• [TASK DETAILS] Transcribe the data verbatim and drop its images.

[[ GIVEN INFORMATION open ]]

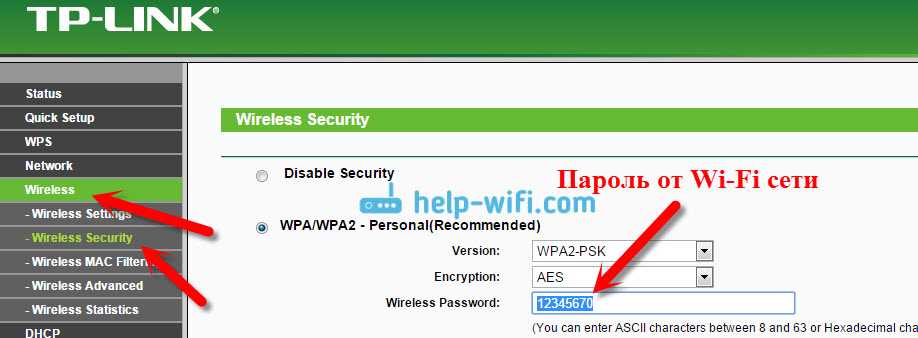 В панели правления перейдите на вкладку Wireless (Беспроводной режим) — Wireless Security (Защита беспроводного режима). В поле Wireless Password (Пароль PSK) вы увидите пароль от вашей Wi-Fi сети.
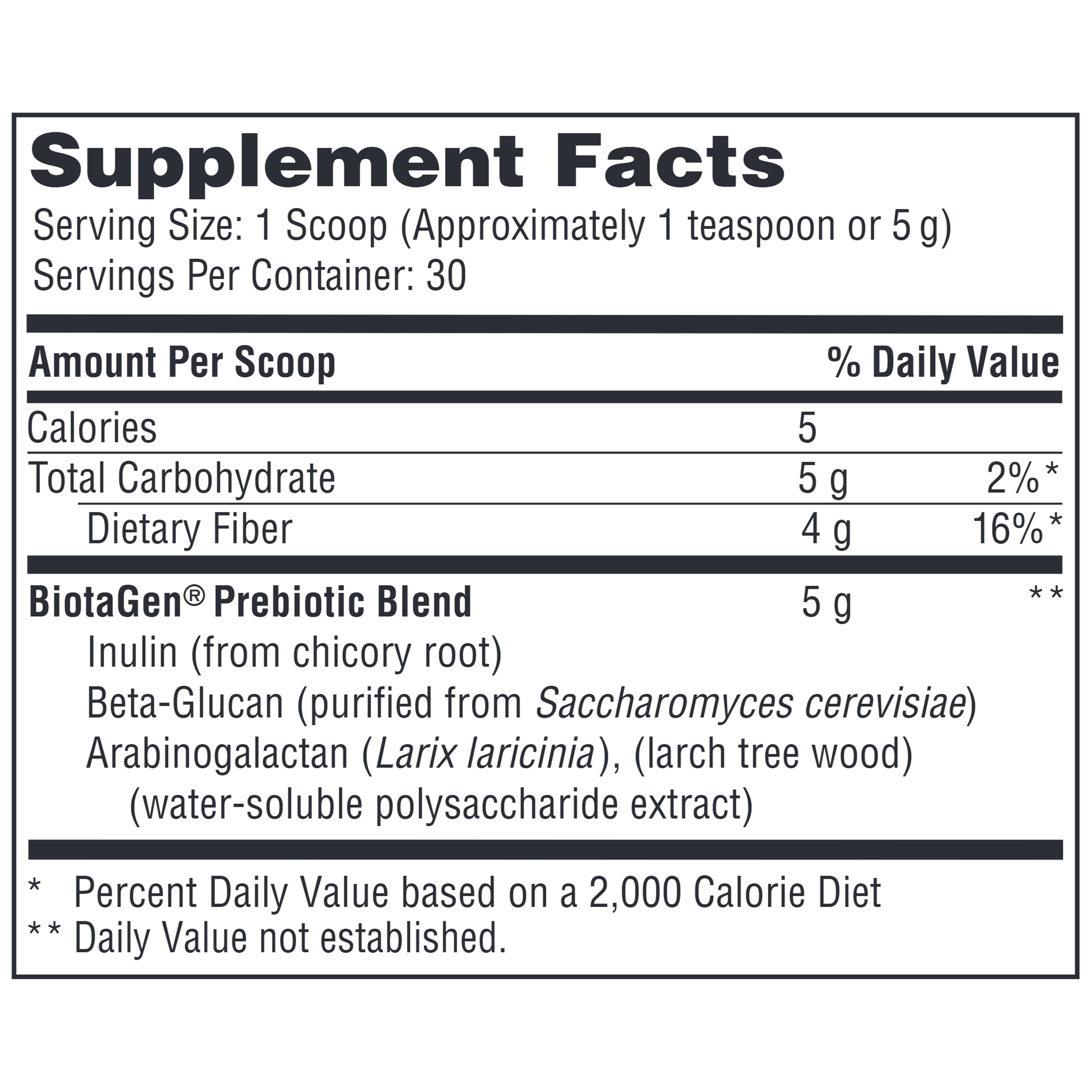 BiotaGen® is a distinctive formulation of soluble dietary fiber with prebiotic activities that stimulates growth of colonic populations of beneficial bacteria and supportsgastrointestinal and systemic immune function.* BiotaGen® combines chicory inulin with larch arabinogalactan and purified yeast beta-glucan.*
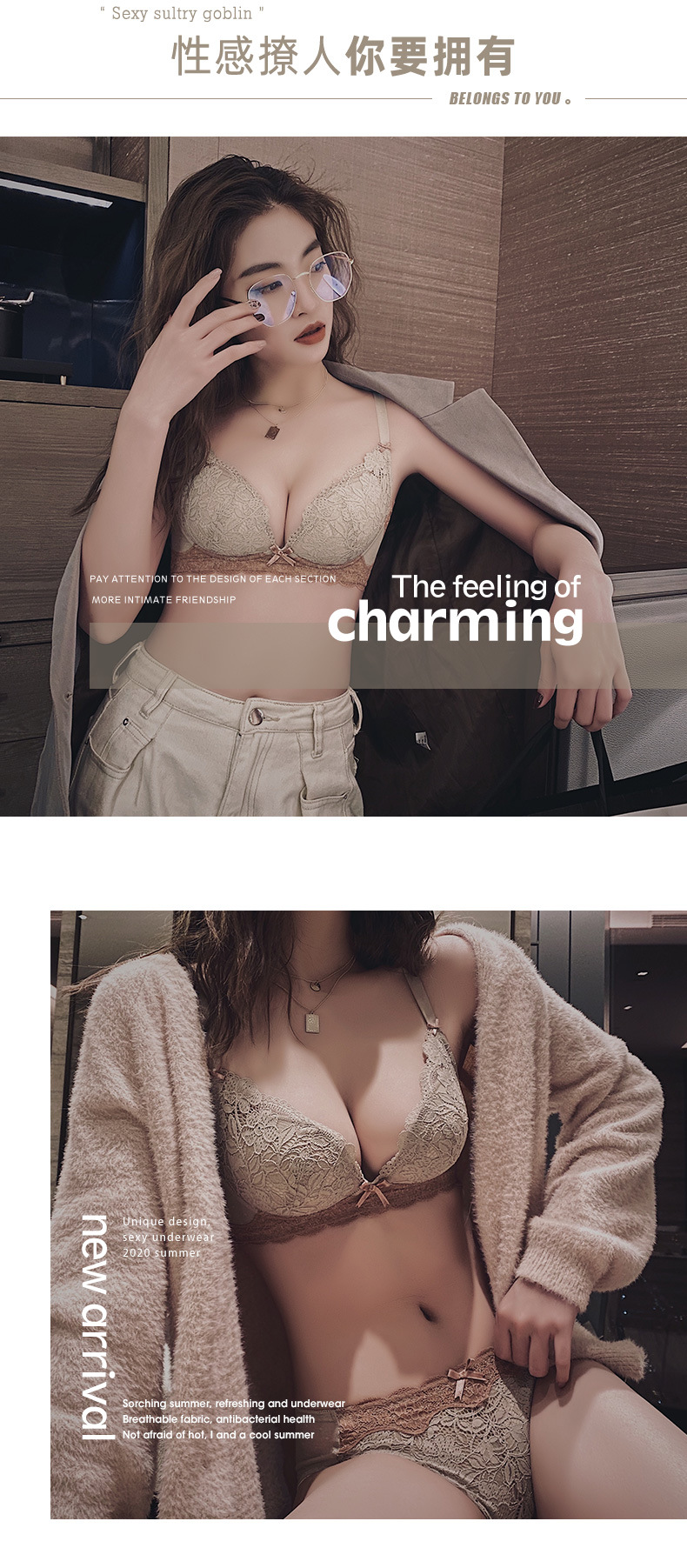 麓姿曼上薄下厚无钢圈少女文胸夏季吊带美背内衣女士欧美东南亚前扣胸罩套装
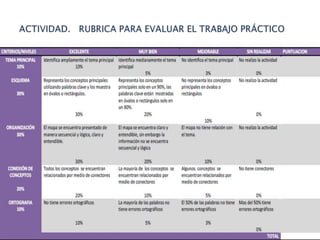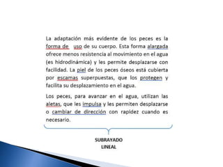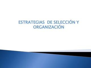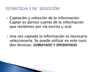 Las estrategias de selección y organización de la información incluyen la captación y selección de la información a través de técnicas como el subrayado y el epigrafiado. El subrayado involucra destacar las ideas claves y diferenciarlas de las ideas secundarias mediante símbolos. Los mapas conceptuales son herramientas gráficas que organizan el conocimiento mostrando las relaciones entre las ideas principales de manera simple y visual.
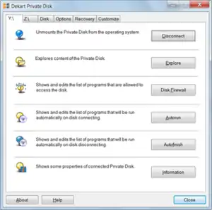 Private Disk is a disk encryption application for the Microsoft Windows operating system, developed by Dekart SRL. It works by creating a virtual drive, the contents of which is encrypted on-the-fly; other software can use the drive as if it were a usual one.
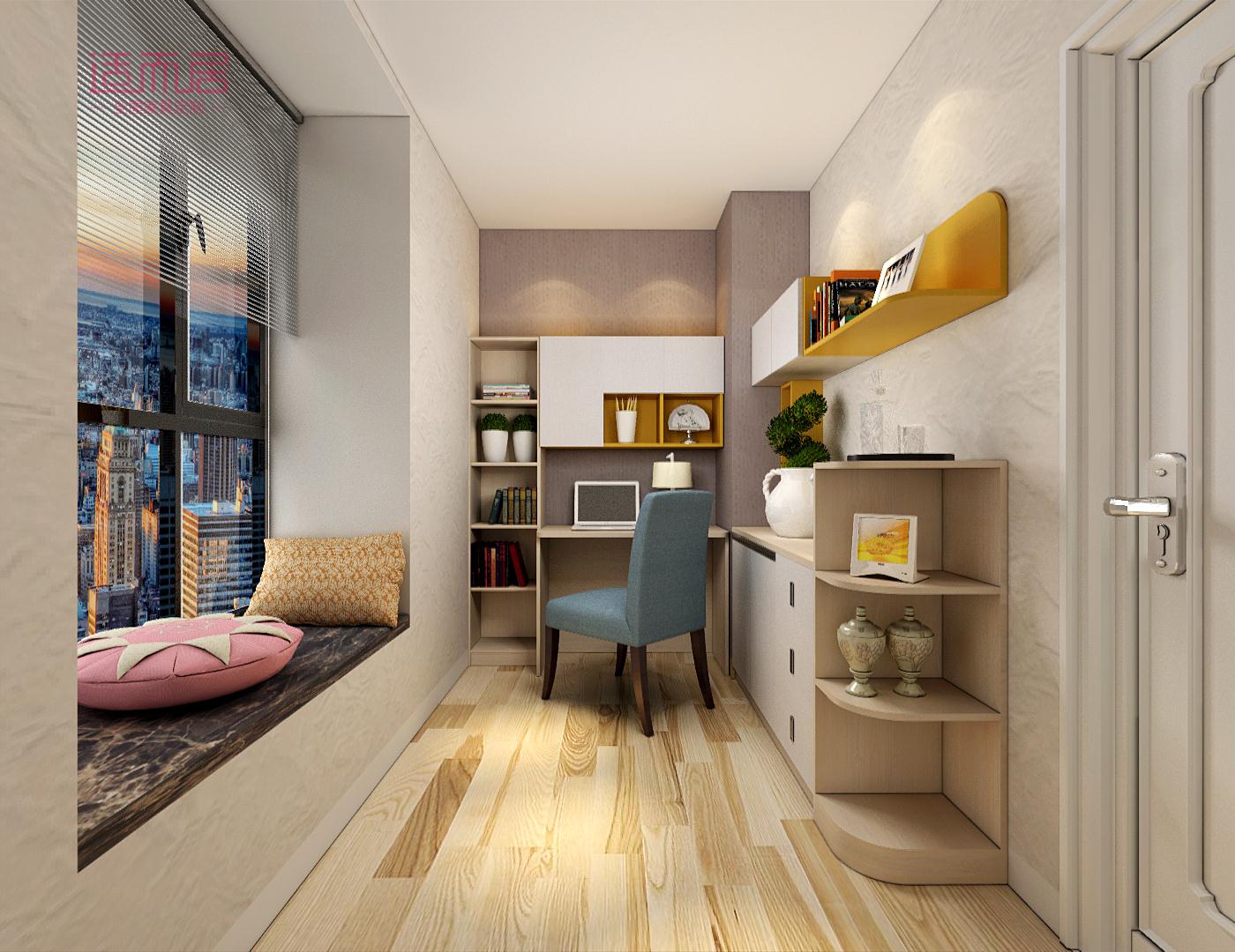 她家的问题:书房的转角位就带着凸出来的梁柱,视觉上是没太大影响,但是很不好放家具。总会空出一点。
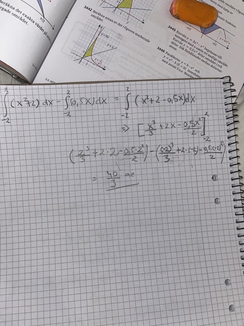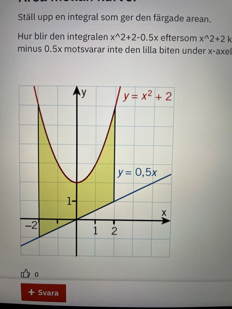 Då arean som 0.5x tillför är lika stor som arean den tar bort

[[ GIVEN INFORMATION closed ]]

• [SOLUTION TO THE PROBLEM]
 В панели правления перейдите на вкладку Wireless (Беспроводной режим) — Wireless Security (Защита беспроводного режима). В поле Wireless Password (Пароль PSK) вы увидите пароль от вашей Wi-Fi сети.
 BiotaGen® is a distinctive formulation of soluble dietary fiber with prebiotic activities that stimulates growth of colonic populations of beneficial bacteria and supportsgastrointestinal and systemic immune function.* BiotaGen® combines chicory inulin with larch arabinogalactan and purified yeast beta-glucan.*
 麓姿曼上薄下厚无钢圈少女文胸夏季吊带美背内衣女士欧美东南亚前扣胸罩套装
 Las estrategias de selección y organización de la información incluyen la captación y selección de la información a través de técnicas como el subrayado y el epigrafiado. El subrayado involucra destacar las ideas claves y diferenciarlas de las ideas secundarias mediante símbolos. Los mapas conceptuales son herramientas gráficas que organizan el conocimiento mostrando las relaciones entre las ideas principales de manera simple y visual.
 Private Disk is a disk encryption application for the Microsoft Windows operating system, developed by Dekart SRL. It works by creating a virtual drive, the contents of which is encrypted on-the-fly; other software can use the drive as if it were a usual one.
 她家的问题:书房的转角位就带着凸出来的梁柱,视觉上是没太大影响,但是很不好放家具。总会空出一点。
 Då arean som 0.5x tillför är lika stor som arean den tar bort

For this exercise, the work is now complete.